Spark EMR S3处理大量文件

Question

I have around 15000 files (ORC) present in S3 where each file contain few minutes worth of data and size of each file varies between 300-700MB. 我在S3中大约有15000个文件（ORC），其中每个文件包含几分钟的数据，每个文件的大小在300-700MB之间。

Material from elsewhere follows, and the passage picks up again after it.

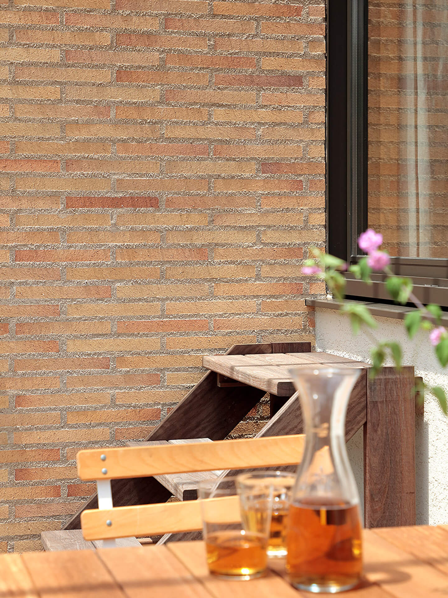 木造の個人邸です。弾性ボンド張りでタイルを張り、15mm以上の目地幅でざっくりとしたイメージで仕上げました。細ボーダーですが、厚みが22mmもあるので、出隅の納まりは平のみで施工する事になりました。平タイルをリャンコに張り、コーナーの雰囲気も問題ありません。このせっ器タイルの裏足も横からみてもさほど気にならず使い勝手の良いボーダータイルであったと思います。この提案は次回も使えますね。
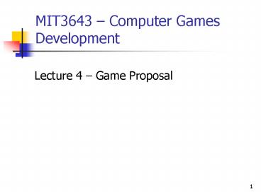 MIT3643 Computer Games Development PowerPoint PPT Presentation

Since recursively looping through a directory present in YYYY/MM/DD/HH24/MIN format is expensive, I am creating a file which contain list of all S3 files for a given day (objects_list.txt) and passing this file as input to spark read API 由于递归地循环通过YYYY / MM / DD / HH24 / MIN格式的目录非常昂贵，因此我正在创建一个文件，其中包含给定日期的所有S3文件列表（objects_list.txt），并将此文件作为输入传递给spark读取API

val file_list = scala.io.Source.fromInputStream(getClass.getResourceAsStream("/objects_list.txt"))
val paths: mutable.Set[String] = mutable.Set[String]()
    for (line <- file_list.getLines()) {
      if(line.length > 0 && line.contains("part"))
        paths.add(line.trim)
    }

val eventsDF = spark.read.format("orc").option("spark.sql.orc.filterPushdown","true").load(paths.toSeq: _*)
eventsDF.createOrReplaceTempView("events")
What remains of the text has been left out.